Research shows that the letter “E” is the alphabet’s most commonly used vowel. “E” is shown to have a frequency of 11.51% in all words analyzed. To decrypt a Caesar cipher using the highest letter frequency approach, you can follow these steps:

  1. Determine the letter frequency distribution of the encrypted text.
  2. Identify the letter in the encrypted text that has the highest frequency.
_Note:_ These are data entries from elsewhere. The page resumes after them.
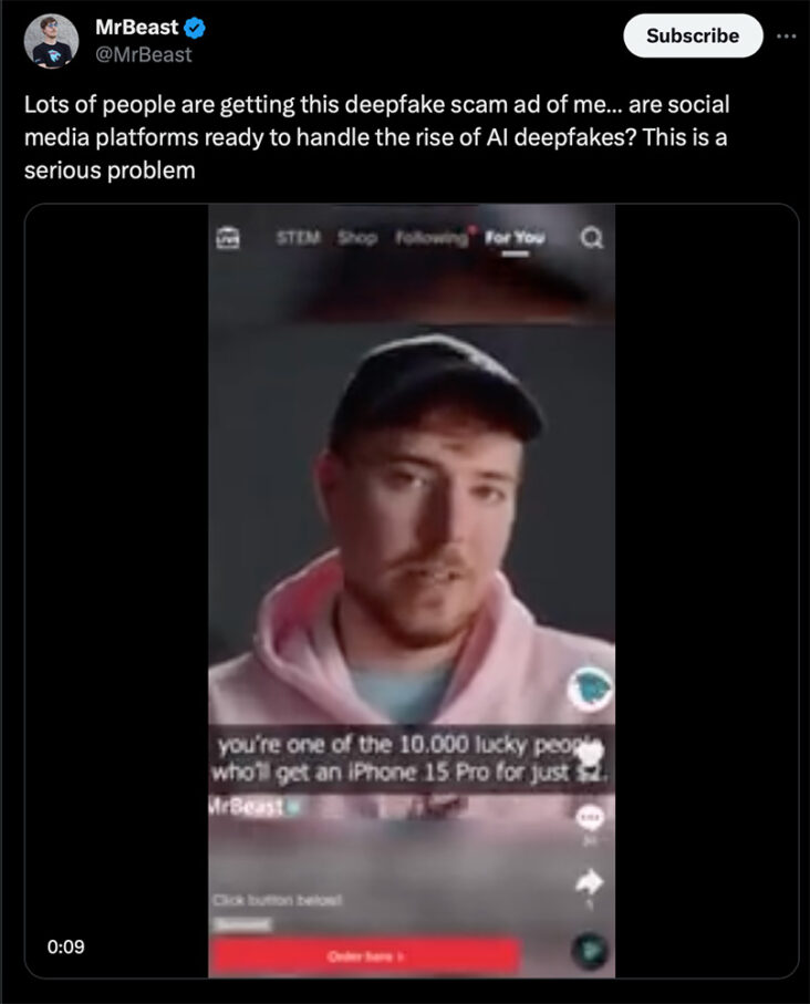 用AI整Deepfake影片已經不是新鮮事,不過近年來AI人工智能愈來愈易用,Deepfake影片就愈來愈多。著名YouTuber MrBeast最近就在社交平台表示,網上有一段Deepfake他的廣告影片,在抖音上廣傳,宣稱MrBeast將會送出多部iPhone 15 Pro,要求網民到指定網站註冊並交出個人資料。由於MrBeast過往在YouTube多條影片中都相當大手筆,不少人都以為這條影片是真。
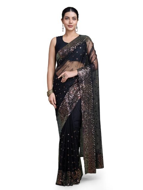 Monjolika Fashion Women’s Soft Net Saree with Sequin Embellished Border and Pallu With Unstitched Blouse Piece (Black)
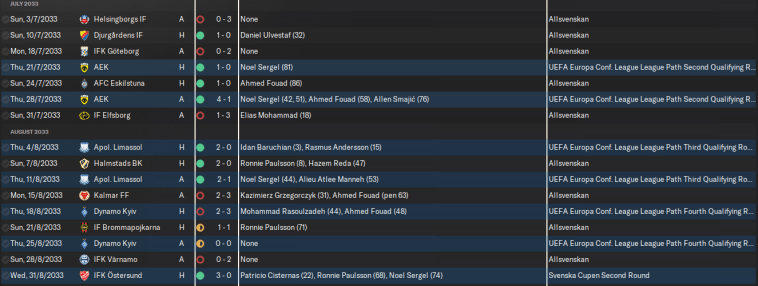 On 21 July 2033, an incredible 6,844 fans turned up at the Zinkensdamms stadium in Södermalm to watch our very first UEFA match. Despite losing our vice-captain César Gamarra to a serious knee injury, we absolutely battered AEK… but their young fresh-faced goalkeeper (age 29) had the game of his life and saved practically everything.
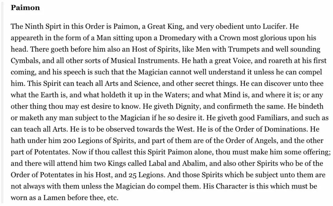 △《所罗门的小钥匙》中,对于派蒙的详细描述
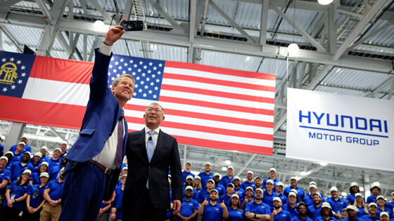 На самом деле мегазавод HMGMA заработал ещё 3 октября прошлого года, когда с его конвейера сошёл первый электрический кросс-хэтчбек Hyundai Ioniq 5, но с торжественным открытием тянули до 26 марта — вероятно, по просьбе администрации Дональда Трампа, чтобы это яркое событие немного скрасило шквал негатива в СМИ по поводу объявленных вечером того же дня 25-процентных пошлин на все импортные автомобили и ключевые комплектующие для них. На торжественное открытие съехалось всё большое начальство из Южной Кореи, в том числе исполнительный председатель Hyundai Motor Group Исон Чонг — он показан на заглавной фотографии вместе с губернатором штата Джорджия Брайаном Кемпом.
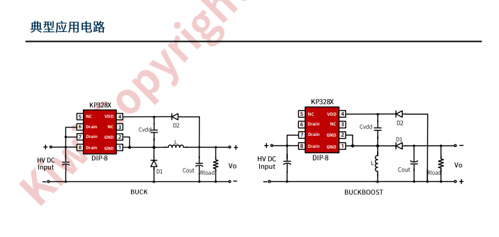 KP328X 系列是一款高性能低成本 PWM 控制功率开关,适用于离线式小功率降压型应用场合,外围电路简单、器件个数少。同时产品内置高耐压MOSFET 可提高系统浪涌耐受能力。
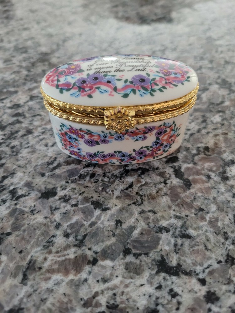 $ 7.06Vintage Italian Alabaster Heart Trinket Box with Floral Design
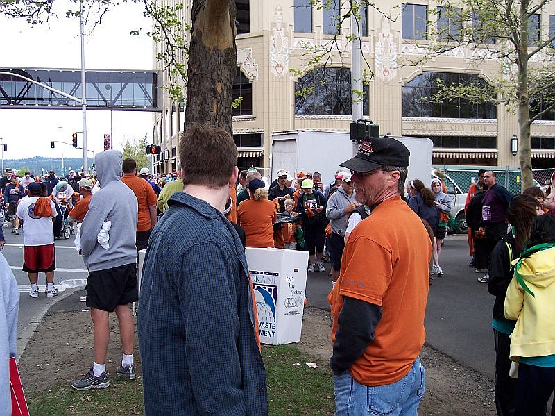 After picking up our packet, we then would be able to spend some time in the vender area, where various running and health products would be on display. In 2004 that is where Dotti and I purchased our first set of blinking warning lights that we could clip on our clothes when we went walking after sundown, so we would be seen by any passing motorists. This year would be our son LeRoy's first time to do the race, and to visit the Bloomsday pre-race vending area. |
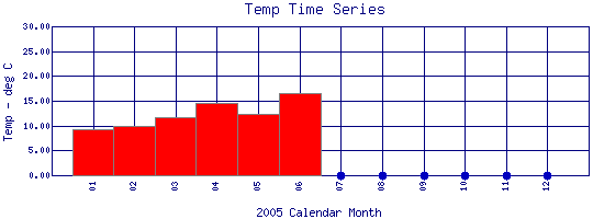 Water Temperature Time Series for 2005 Boulder Creek above Dry Creek |
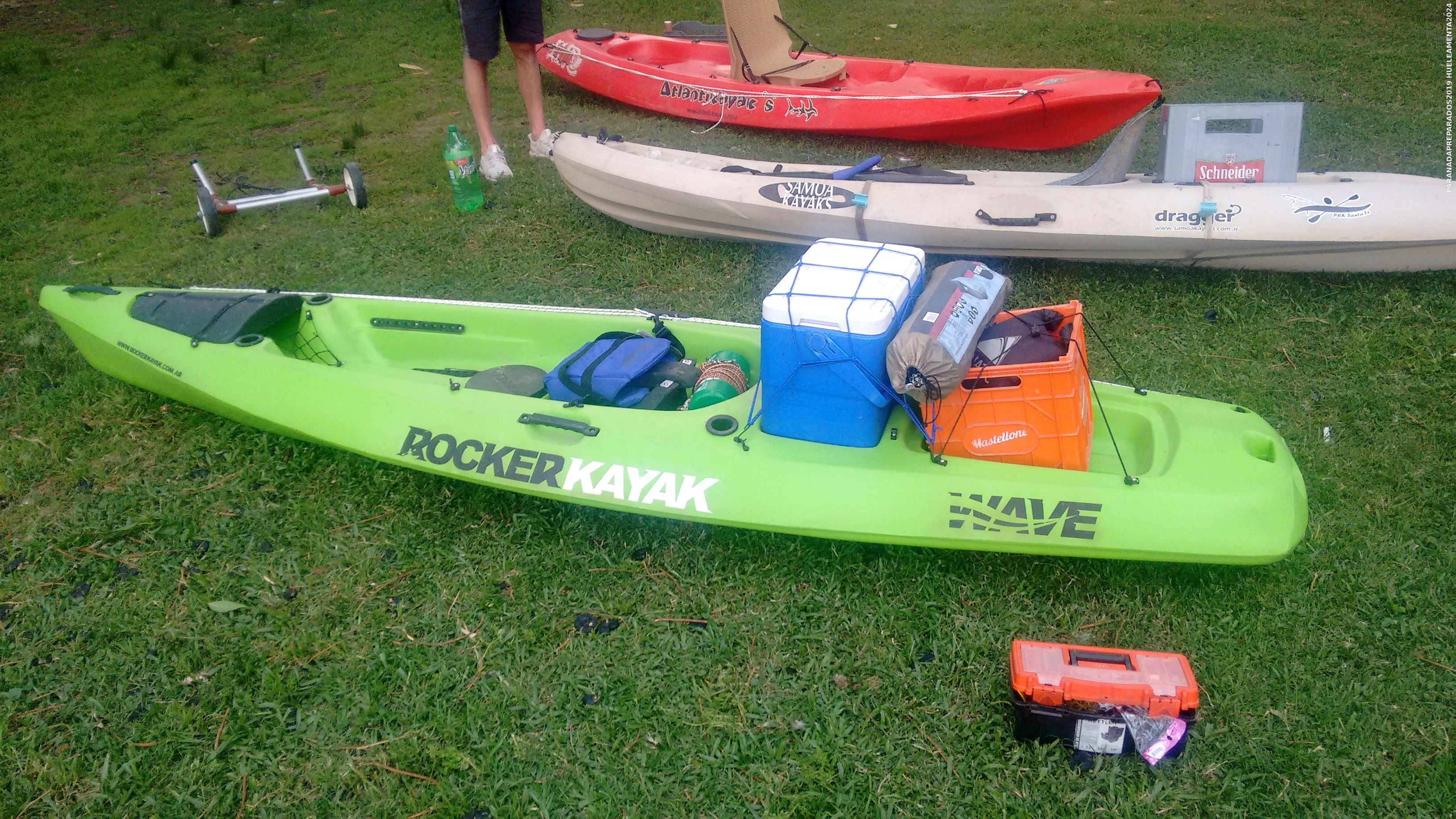Por ahí hay fotos, hay un videito o dos de los primeros dos kayaks que llegan. Los llevamos con la camioneta de Mario. Mario también nos hizo la gauchada, con la Mili, los llevamos al campo y los… primera vez que nos subíamos a un kayak. Los tiramos al agua y ahí debutamos, lo que es un kayak. Así que ahí arranca la cuestión. Ya teníamos dos kayaks, después compramos uno más y otro más, bueno: los cuatro kayaks.
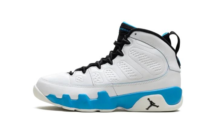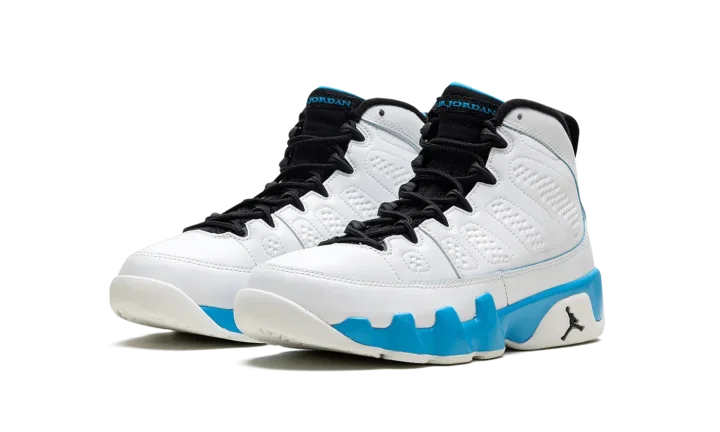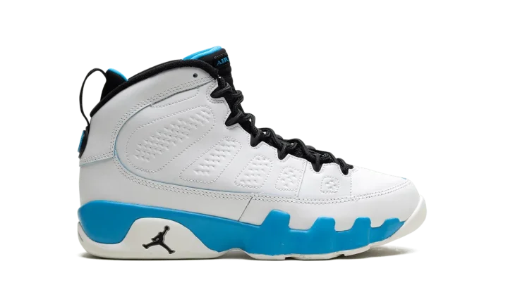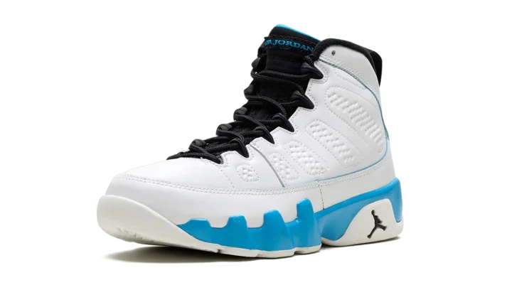 The Air Jordan 9 GS "Powder Blue" is the youth sizing of the original colorway of the retro basketball shoe that debuted in 1993 before it was brought back in 2010 and here, in 2024. The modern version of the "Powder Blue" Jordan 9 is crafted in the spirit of the original style from '93. Moreover, the "Powder Blue" theme is inspired by Michael Jordan's alma mater, the University of North Carolina. The shoe is complete with a white leather construction with Powder Blue accenting on the midsole. The inner lining is also featured in Powder Blue, as is the "Jordan" branding on the tongue, and the "globe" emblem on the heel. A small Jumpman on the side of the heel of the midsole completes the look of this classic sneaker.
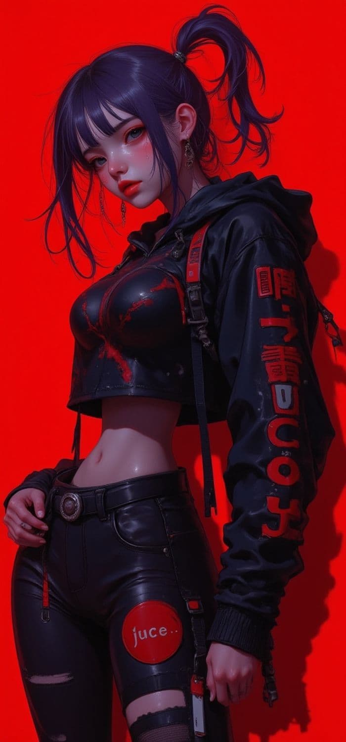 A striking artwork of a young woman with purple hair styled in a high ponytail. She wears a black leather jacket with red accents and tight pants, against a vivid red background. The design features bold graphics and a futuristic vibe.

Let’s call it the “cipher letter”.
  3. Calculate the forward shift value from the cipher letter to the most frequently occurring letter in the English language, which is the letter ‘e’.
  4. Apply the shift to each letter in the encrypted text to obtain the decrypted text.
#!/bin/bash

shift_pattern_script="./shift_pattern"

if [ $# -ne 1 ]; then
    echo "incorrect filename"
    exit 1
fi

filename=$1
if [ ! -f "$filename" ]; then
    echo "File '$filename' not found."
    exit 1
fi

echo "$filename loaded"
declare -A letter_counts

while IFS= read -r line; do
    line=$(tr '[:upper:]' '[:lower:]' <<< "$line")  # Convert to lowercase
    for ((i=0; i<${#line}; i++)); do
        char="${line:i:1}"
        if [[ $char =~ [a-z] ]]; then
            letter_counts[$char]=$(( letter_counts[$char] + 1 ))
        fi
    done
done < "$filename"

max_count=0
max_letter=""

for letter in "${!letter_counts[@]}"; do
    count=${letter_counts[$letter]}
    if (( count > max_count )); then
        max_count=$count
        max_letter=$letter
    fi
done

echo "Letter with the highest count: $max_letter"
echo "Count: $max_count"

e_ascii=$(( $(printf '%d' "'e") - 97 ))  # Convert 'e' to ASCII value (0-25)
highest_letter_ascii=$(( $(printf '%d' "'$max_letter") - 97 ))  # Convert letter to ASCII value (0-25)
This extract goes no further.